The ecosystem for treating prompts as engineering artifacts is already mature. I thought I was writing about a missing tooling layer. I was not. Promptfoo is an open-source CLI used by OpenAI and Anthropic for prompt evaluation with CI/CD integration. Braintrust blocks merges when eval metrics fail. Langfuse provides OpenTelemetry-based LLM observability. DeepEval covers the evaluation framework space.

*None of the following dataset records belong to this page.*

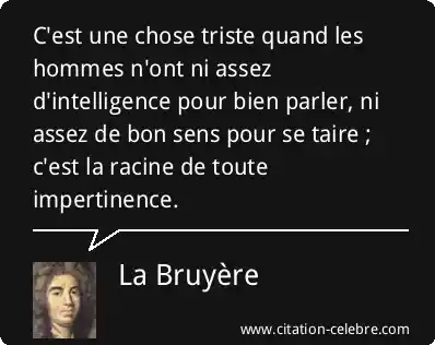 C'est une chose triste quand les hommes n'ont ni assez d'intelligence pour bien parler, ni assez de bon sens pour se taire ; c'est la racine de toute impertinence.
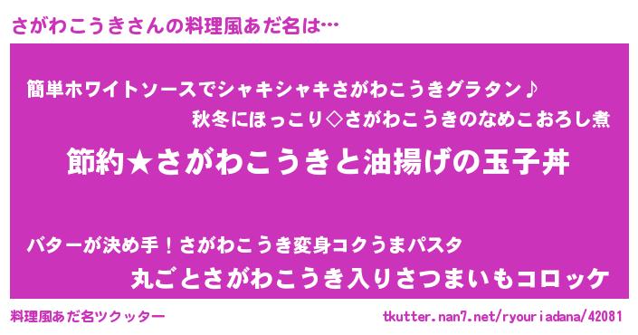 | ピコ太郎風あだ名 | 『サコ次郎』『サガ太郎』『ササ太郎』 |
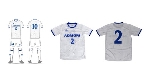 青森の伝統工芸の一つである「南部裂織(なんぶさきおり)」をモチーフに、青森県の伝統と『アンブロ』のオリジナリティが融合した特別なデザインです。フィールドプレーヤーのユニフォームは、青森の澄んだ空と海をイメージしたブルーを基調とし、クリーンなデザインに仕上げています。
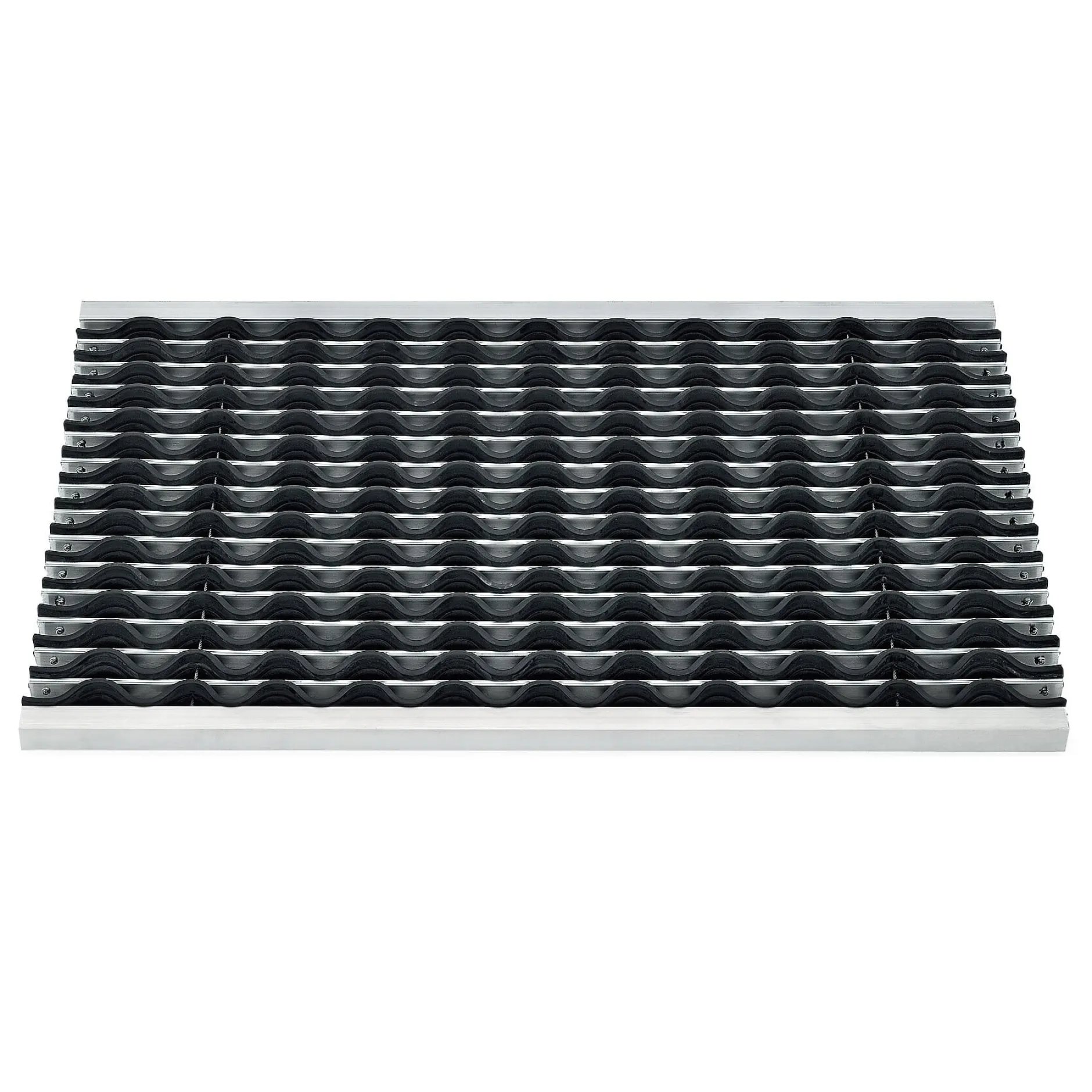 Die Fußmatte aus Westfalen wird eigentlich nur – in deutlich größeren Abmessungen für die Eingangsbereiche öffentlicher Gebäude produziert. Wir bringen sie hier in einer Größe für den Privatgebrauch mit den gleichen Produktvorteilen: Die wellenförmigen Lamellen sind aus einem in der Autoindustrie bewährten, gegen Sauerstoff, Ozon, Fette und Öle resistenten Kunstkautschuk. Das rutschfeste Material wird durch korrosionsbeständige Aluminiumprofile stabilisiert. Das ganze System wird in Querrichtung durch Edelstahlseile zusammengehalten. Die Matte lässt sich zerlegen und reparieren.
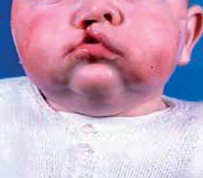 If the shelve fusion fails, this is likely to result in clefts of the palate. The extent of these clefts varies clinically from submucous clefts, affecting the bony structure of the palate and underlying muscular attachment and clefts of the soft palate which may or may not have significant effects on speech, to those including the hard palate producing communication between the nasal and oral cavities (Fig. 1.6).There appear to be distinctive differences between clefts of the palate and those of the lip and palate within different geographical and sexual distributions. This also suggests different disruptive mechanisms and timings, as lip closure occurs earlier in development than palatal fusion. However, as clefts of the palate alone and lip with palate can occur in certain families, it suggests that the distinction may not be complete.
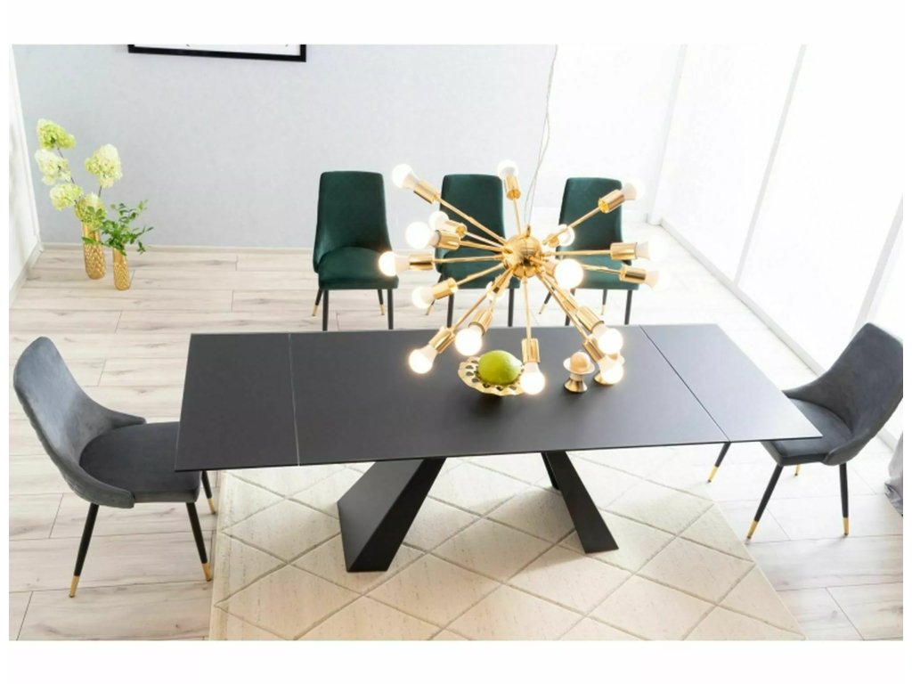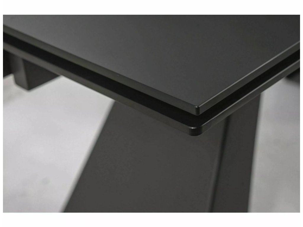 Rozkládací stůl, deska: tvrzené sklo, rám: kov, barva: matná černá.
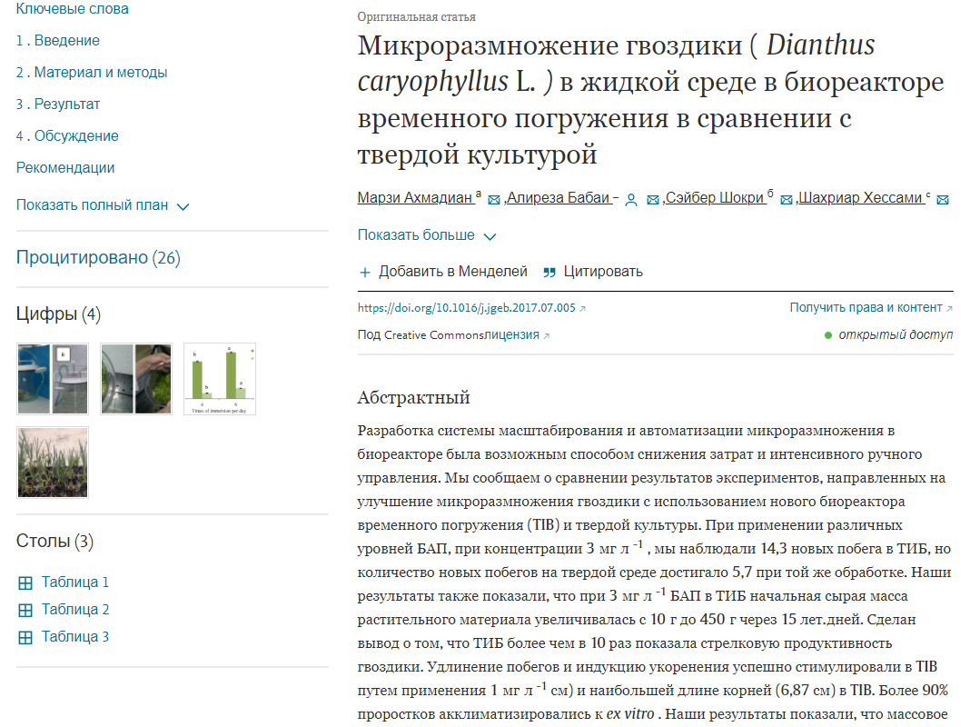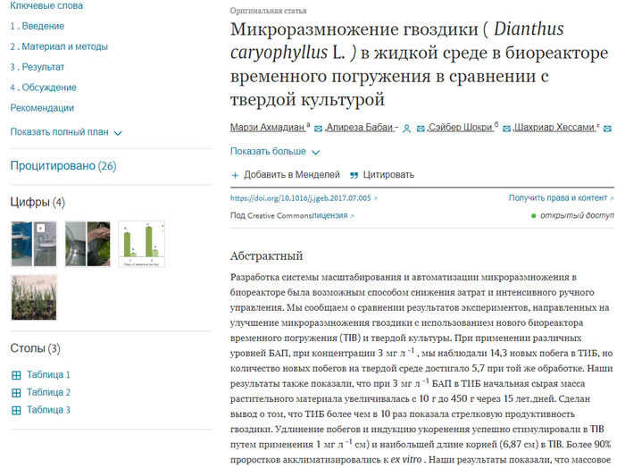 Статья где изучалась технология микроразмножения гвоздики в биореакторе: https://www.sciencedirect.com/science/article/pii/S1687157X1...
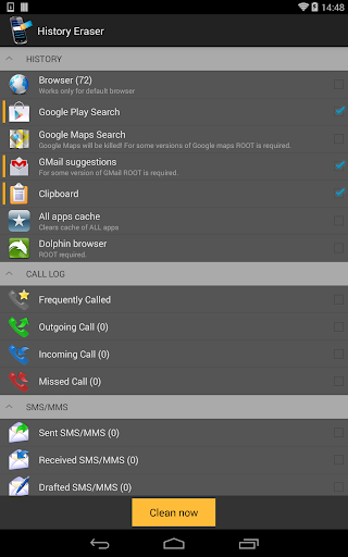 1. Delete Browser History: default browser, Dolphin browser (root) and Chrome (guided)
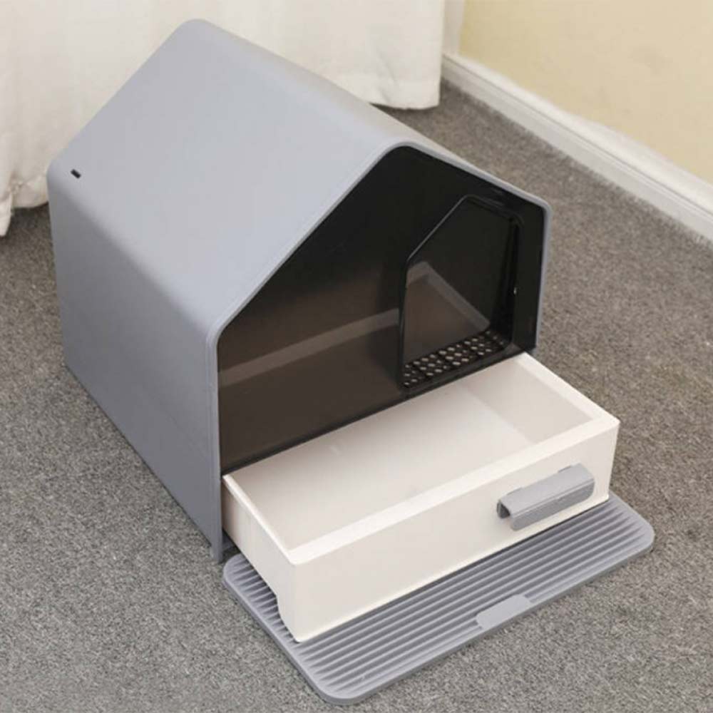 Ev şeklinde Kaşık/kürek ile ABS şeffaf pencere ve çekmece Pedallı Kapalı Kedi Tuvaleti MSP-110 46*41*46

The “prompts as pull requests” workflow is standard practice in 2026. PromptOps is a named discipline. Seventy-five percent of enterprises are expected to integrate generative AI this year.

Skill-specific tooling also exists. Anthropic’s skill-creator is the official tool for writing and evaluating skills. Minko Gechev’s skillgrade provides “unit tests for your agent skills.” Phil Schmid has a practical guide to testing methodology. OpenAI’s blog covers testing agent skills systematically with evals. The Anthropic-managed claude-plugins-official directory and the Claude Code Plugin Marketplace with plugin.json manifests are the distribution layer. SkillsMP claims 700,000+ agent skills.

Linters already exist. agnix has 385 rules covering CLAUDE.md, SKILL.md, AGENTS.md, hooks, and MCP configs, with auto-fix and LSP servers for VS Code, JetBrains, Neovim, and Zed. claudelint covers similar ground as an npm package. SkillCheck-Free has 30+ structural checks. These are real tools. I ran agnix against my 188-skill collection and it found 71 errors that my custom linter missed — unclosed XML tags, YAML parse errors, missing agent fields in frontmatter, shell-escaped backslashes flagged as Windows path separators. An hour of config tuning dropped it to zero.

Generators exist too. SkillForge provides wizard-based skill creation with template processing, documentation fetching via Context7, pattern learning from usage, and unused skill detection. It covers the “create new skills from your preferences” space comprehensively.

The right question is not “how do I treat skills with engineering rigor” — that question has been answered by an entire industry. The right question is “which existing tools do I use and how do they compose for my specific workflow.” For me that meant: agnix for validation (immediately useful, caught real bugs), Promptfoo for eval pipelines (future work when I add Incorrect/Correct code examples to my rules), and the official plugin marketplace format for anything I might want to share. The specific tools I built for myself — a rules-to-document compiler and a shared motif layer — are narrow conveniences for my particular workflow, not contributions to the ecosystem. That was a useful correction.

The meta-lesson is about the danger of writing confidently from partial information. I read five skill repositories carefully and thought I had the landscape. I did not. The landscape is one web search deeper, and the web search I should have done earlier. Before claiming that a tooling layer is missing, check that it is actually missing. Before framing something as a paradigm shift, check whether the paradigm already shifted. The embarrassment of having to correct a post same-day is cheaper than the embarrassment of having the post stand.